#### [DATA SHOWN]
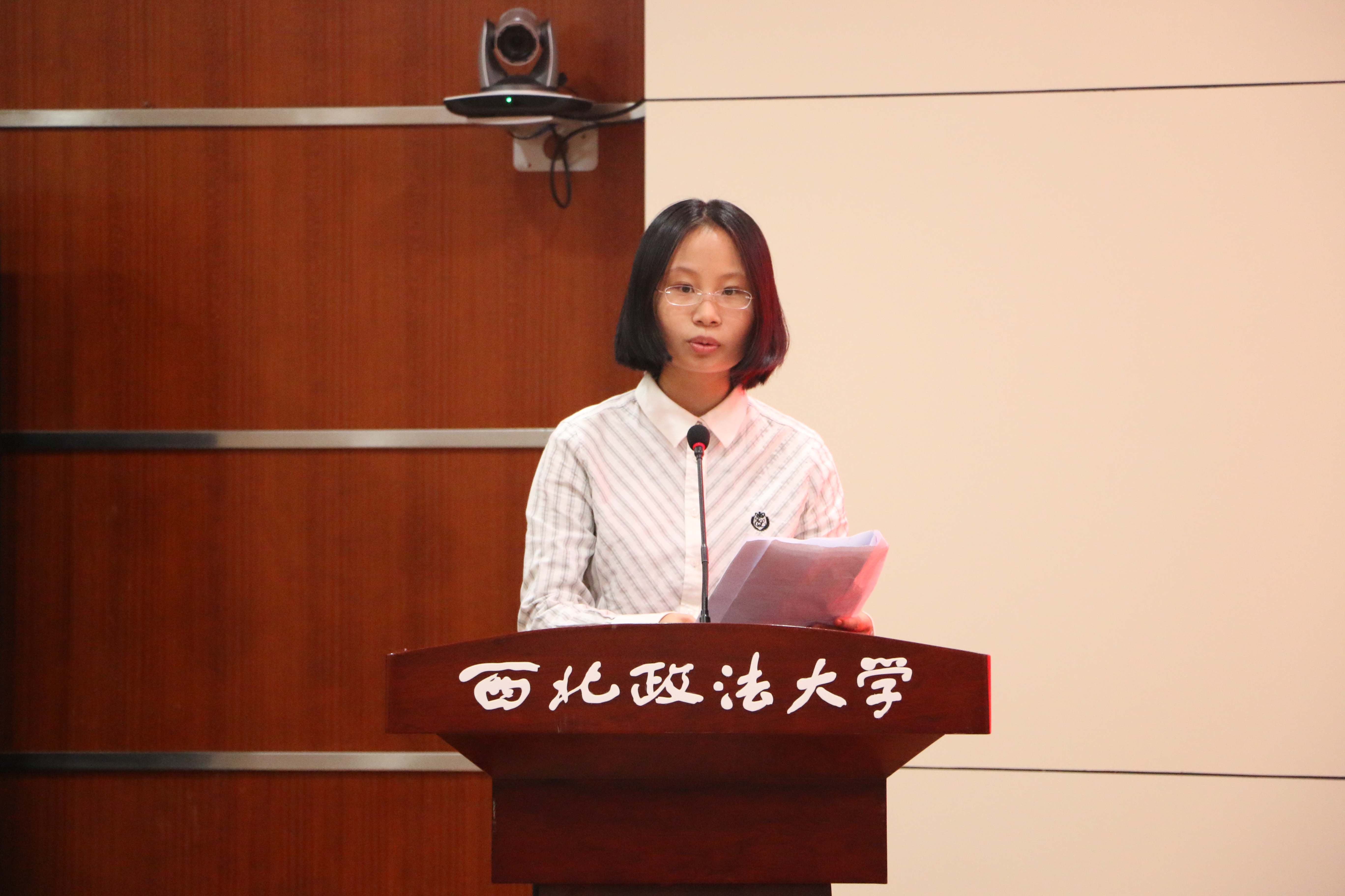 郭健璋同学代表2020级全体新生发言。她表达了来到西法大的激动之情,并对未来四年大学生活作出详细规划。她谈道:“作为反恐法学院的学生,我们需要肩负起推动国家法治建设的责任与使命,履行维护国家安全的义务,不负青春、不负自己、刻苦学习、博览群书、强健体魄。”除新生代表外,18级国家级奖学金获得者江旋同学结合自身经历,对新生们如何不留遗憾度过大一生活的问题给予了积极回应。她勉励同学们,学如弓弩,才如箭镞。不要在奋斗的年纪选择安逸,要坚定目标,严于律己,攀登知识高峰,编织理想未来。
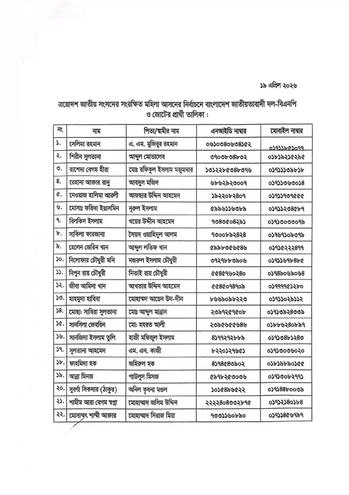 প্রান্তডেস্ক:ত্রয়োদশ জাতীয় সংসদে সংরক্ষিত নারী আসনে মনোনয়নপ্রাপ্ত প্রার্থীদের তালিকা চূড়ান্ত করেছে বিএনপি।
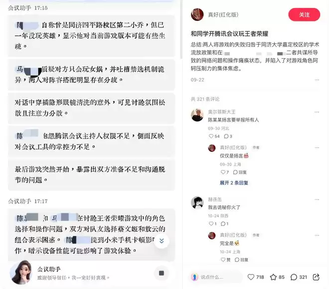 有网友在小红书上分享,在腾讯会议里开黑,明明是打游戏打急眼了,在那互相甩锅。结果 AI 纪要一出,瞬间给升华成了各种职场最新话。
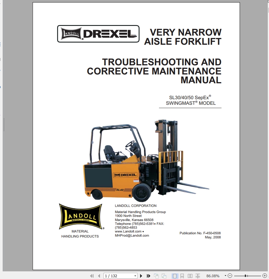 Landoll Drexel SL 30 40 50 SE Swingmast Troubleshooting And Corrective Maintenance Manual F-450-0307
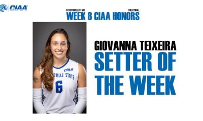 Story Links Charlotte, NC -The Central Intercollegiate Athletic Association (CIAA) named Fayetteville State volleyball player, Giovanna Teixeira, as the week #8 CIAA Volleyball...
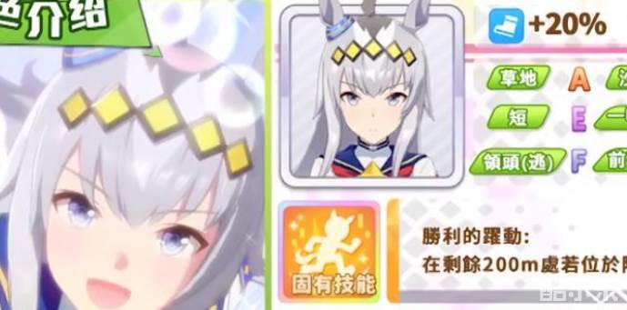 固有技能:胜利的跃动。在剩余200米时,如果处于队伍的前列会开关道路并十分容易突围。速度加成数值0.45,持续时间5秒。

==

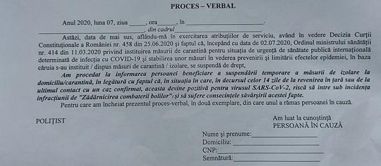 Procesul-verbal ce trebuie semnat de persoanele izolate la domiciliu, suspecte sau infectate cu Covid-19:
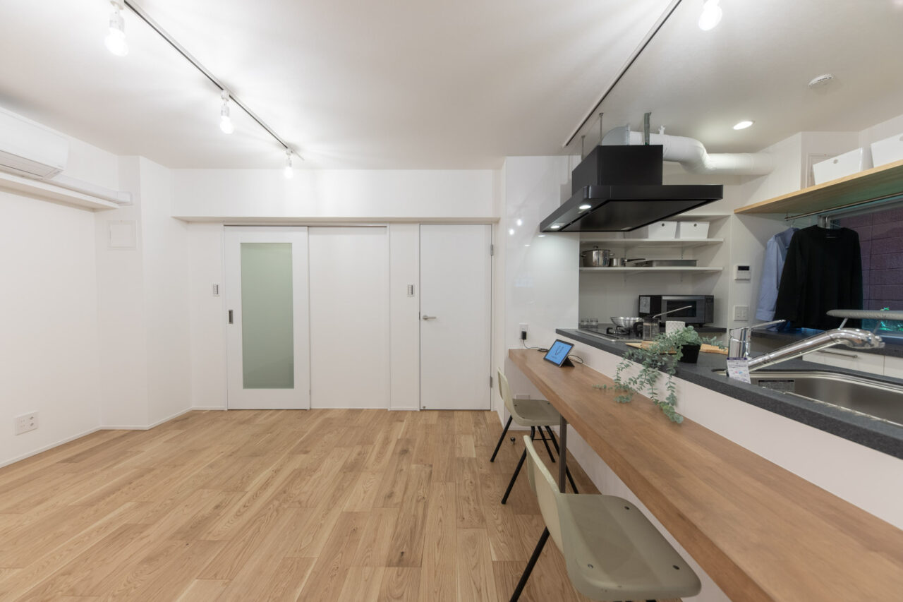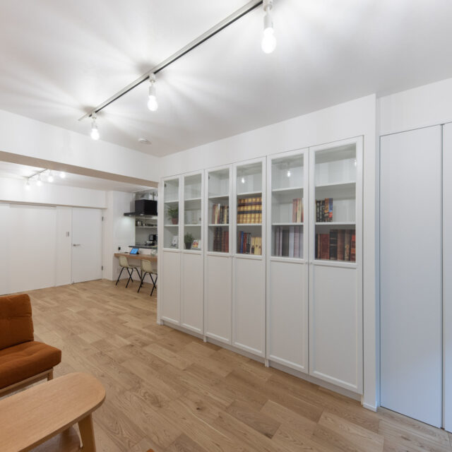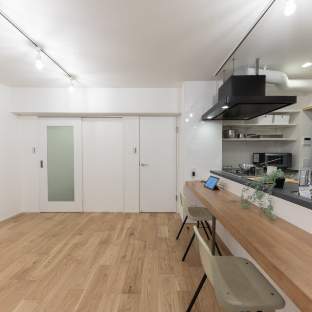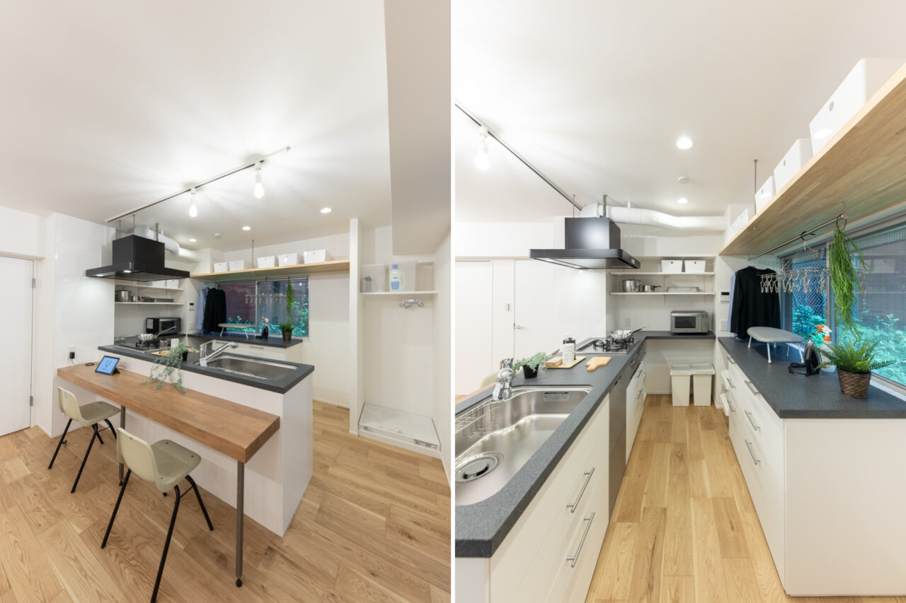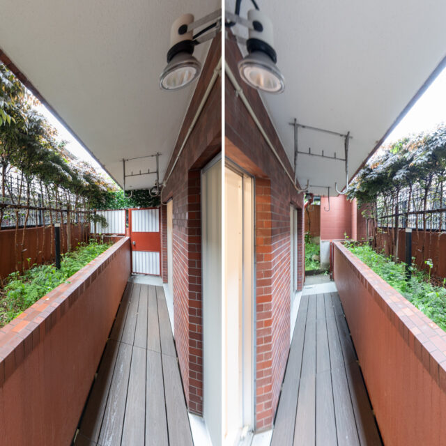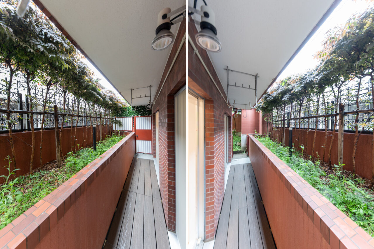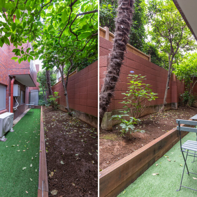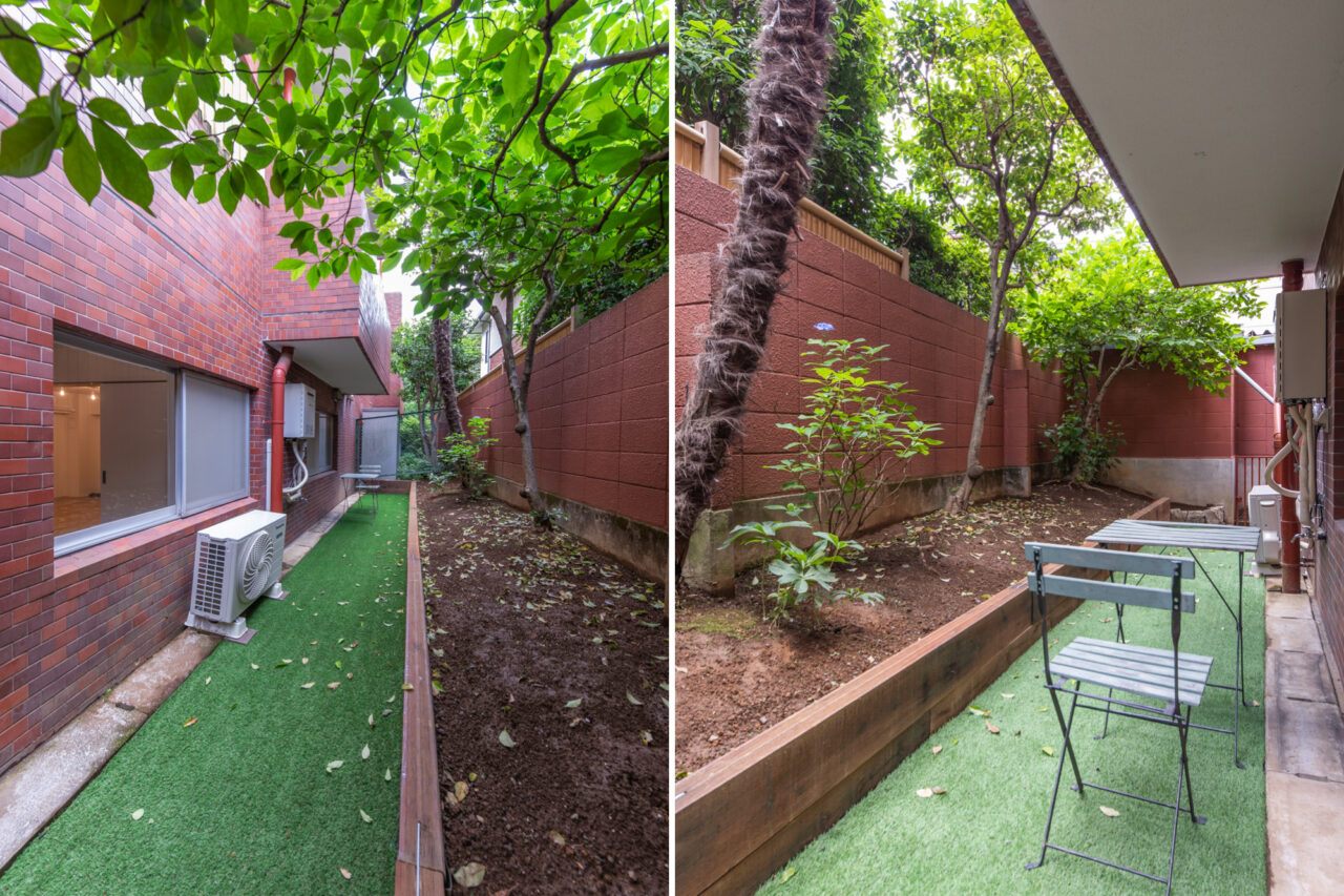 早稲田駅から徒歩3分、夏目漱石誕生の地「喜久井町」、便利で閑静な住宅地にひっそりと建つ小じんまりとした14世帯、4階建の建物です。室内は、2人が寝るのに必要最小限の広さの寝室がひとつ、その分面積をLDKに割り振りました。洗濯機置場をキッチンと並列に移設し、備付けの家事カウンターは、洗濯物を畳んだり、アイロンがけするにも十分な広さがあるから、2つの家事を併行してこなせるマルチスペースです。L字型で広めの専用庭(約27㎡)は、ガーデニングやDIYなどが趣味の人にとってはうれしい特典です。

#### [PROBLEM]
Give back the exact lines above, running from the one that has "Procesul-verbal ce trebuie" through the one that has "早稲田駅から徒歩3分、夏目漱", with nothing added and no pictures.

#### [SOLUTION TO THIS PROBLEM]
 Procesul-verbal ce trebuie semnat de persoanele izolate la domiciliu, suspecte sau infectate cu Covid-19:
 早稲田駅から徒歩3分、夏目漱石誕生の地「喜久井町」、便利で閑静な住宅地にひっそりと建つ小じんまりとした14世帯、4階建の建物です。室内は、2人が寝るのに必要最小限の広さの寝室がひとつ、その分面積をLDKに割り振りました。洗濯機置場をキッチンと並列に移設し、備付けの家事カウンターは、洗濯物を畳んだり、アイロンがけするにも十分な広さがあるから、2つの家事を併行してこなせるマルチスペースです。L字型で広めの専用庭(約27㎡)は、ガーデニングやDIYなどが趣味の人にとってはうれしい特典です。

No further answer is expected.